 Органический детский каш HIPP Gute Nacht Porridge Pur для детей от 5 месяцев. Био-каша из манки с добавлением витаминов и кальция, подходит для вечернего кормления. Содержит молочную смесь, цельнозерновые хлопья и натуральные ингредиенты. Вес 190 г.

_ _ _ _ _ _ _

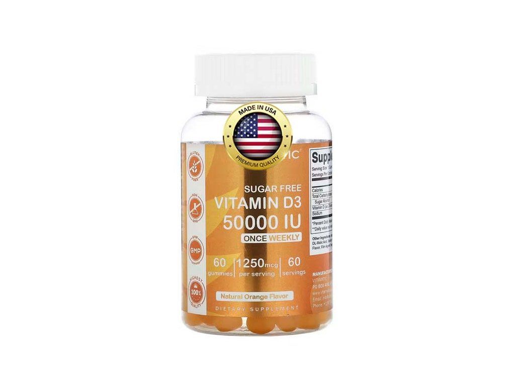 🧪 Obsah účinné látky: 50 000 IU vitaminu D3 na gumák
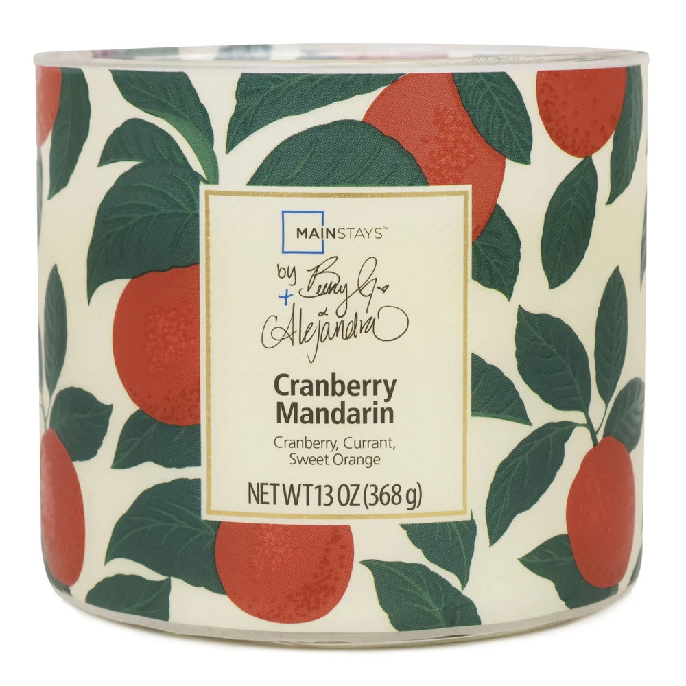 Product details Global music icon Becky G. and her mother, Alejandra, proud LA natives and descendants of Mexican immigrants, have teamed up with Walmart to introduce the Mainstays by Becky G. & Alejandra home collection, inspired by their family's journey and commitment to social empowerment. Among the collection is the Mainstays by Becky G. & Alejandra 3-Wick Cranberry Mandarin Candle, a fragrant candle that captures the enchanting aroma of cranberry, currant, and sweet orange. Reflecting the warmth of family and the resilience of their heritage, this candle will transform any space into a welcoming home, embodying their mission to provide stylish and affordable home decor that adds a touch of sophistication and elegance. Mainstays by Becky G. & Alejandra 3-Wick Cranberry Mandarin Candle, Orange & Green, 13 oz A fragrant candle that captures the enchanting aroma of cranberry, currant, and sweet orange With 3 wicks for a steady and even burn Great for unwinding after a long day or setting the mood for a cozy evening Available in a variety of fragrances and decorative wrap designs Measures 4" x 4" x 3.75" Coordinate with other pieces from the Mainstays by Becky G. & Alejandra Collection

_ _ _ _ _ _ _

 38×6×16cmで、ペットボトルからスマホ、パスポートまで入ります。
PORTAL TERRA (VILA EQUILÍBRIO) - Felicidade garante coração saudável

_ _ _ _ _ _ _

- [WHAT IS BEING ASKED]: Please reproduce the lines from the line with "38×6×16cmで、ペットボトルからスマホ、パスポートまで入ります。" to the line with "PORTAL TERRA (VILA", both ends included, exactly as they appear above.

- [EXERCISE RESPONSE]:
 38×6×16cmで、ペットボトルからスマホ、パスポートまで入ります。
PORTAL TERRA (VILA EQUILÍBRIO) - Felicidade garante coração saudável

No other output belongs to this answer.